*** Data listing ***

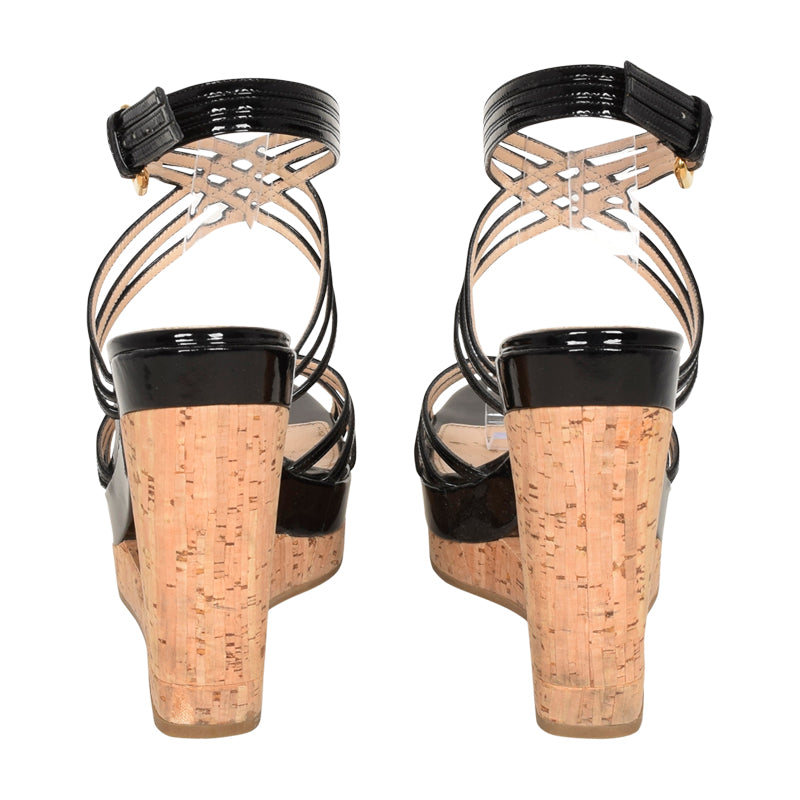 Prada black patent leather platform sandal with cork wedges and exterior ankle buckle closure. Includes box.
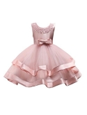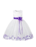 Loose flowers petals floating around the hems of tulle skirt. The waistline is decorated with cute flower in front to make this dress more elegant and slim
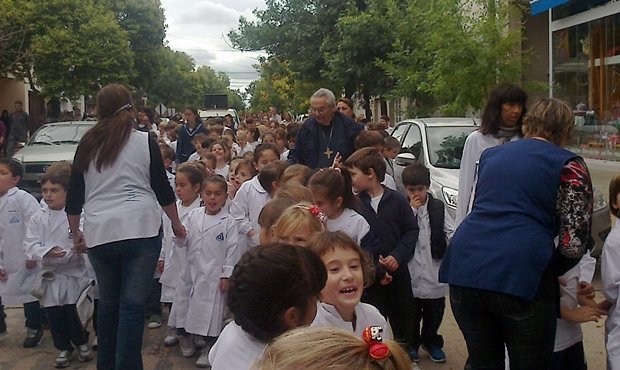 Fue así como en primer lugar estuvo en el establecimiento educativo, interactuando con la comunidad educativa de nivel Primario e Inicial, para luego ser parte activa de la procesión que recorrió el perímetro de la escuela. En dicho momento abundaron los diálogos, cantos e interacciones con los pequeños y con los padres Lucas y Antonio que también fueron parte de la iniciativa.
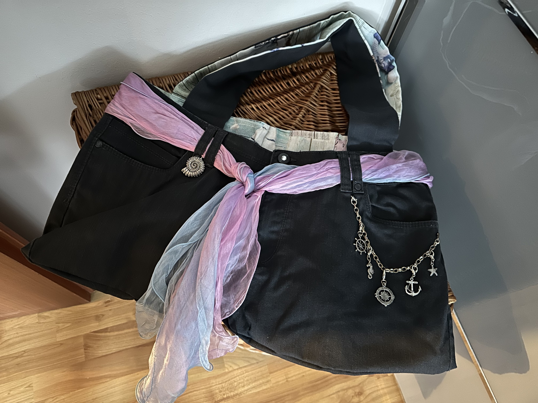 oh, da werden meist Taschen von genäht und das in allen möglichen Varianten, von der Collegstasche bis zum Bobbelbeutel und einer Tasche an meinem Rollator
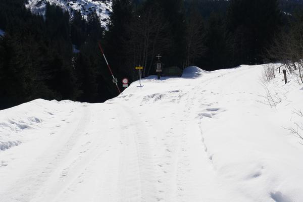 Beim Leonhardkreuz verlasse ich die geräumte Schneefahrbahn und zweige nach rechts ab.
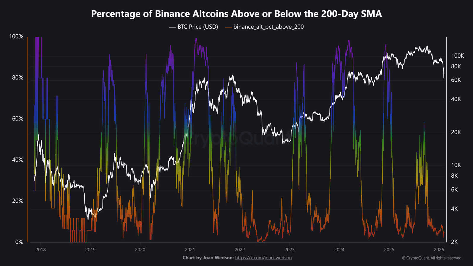 Tatsächlich lagen zum Zeitpunkt der Drucklegung weniger als 5 % der Altcoins an der Binance-Börse über dem gleitenden 200-Tage-Durchschnitt (SMA) – ein wichtiger Indikator für die Aufwärtsdynamik.

*** End of Data listing ***

Exercise requirements
Extract precisely the lines beginning at the line containing "Loose flowers petals" and ending at the last line of the entries above, exactly as written and with no pictures.

Expected answer
 Loose flowers petals floating around the hems of tulle skirt. The waistline is decorated with cute flower in front to make this dress more elegant and slim
 Fue así como en primer lugar estuvo en el establecimiento educativo, interactuando con la comunidad educativa de nivel Primario e Inicial, para luego ser parte activa de la procesión que recorrió el perímetro de la escuela. En dicho momento abundaron los diálogos, cantos e interacciones con los pequeños y con los padres Lucas y Antonio que también fueron parte de la iniciativa.
 oh, da werden meist Taschen von genäht und das in allen möglichen Varianten, von der Collegstasche bis zum Bobbelbeutel und einer Tasche an meinem Rollator
 Beim Leonhardkreuz verlasse ich die geräumte Schneefahrbahn und zweige nach rechts ab.
 Tatsächlich lagen zum Zeitpunkt der Drucklegung weniger als 5 % der Altcoins an der Binance-Börse über dem gleitenden 200-Tage-Durchschnitt (SMA) – ein wichtiger Indikator für die Aufwärtsdynamik.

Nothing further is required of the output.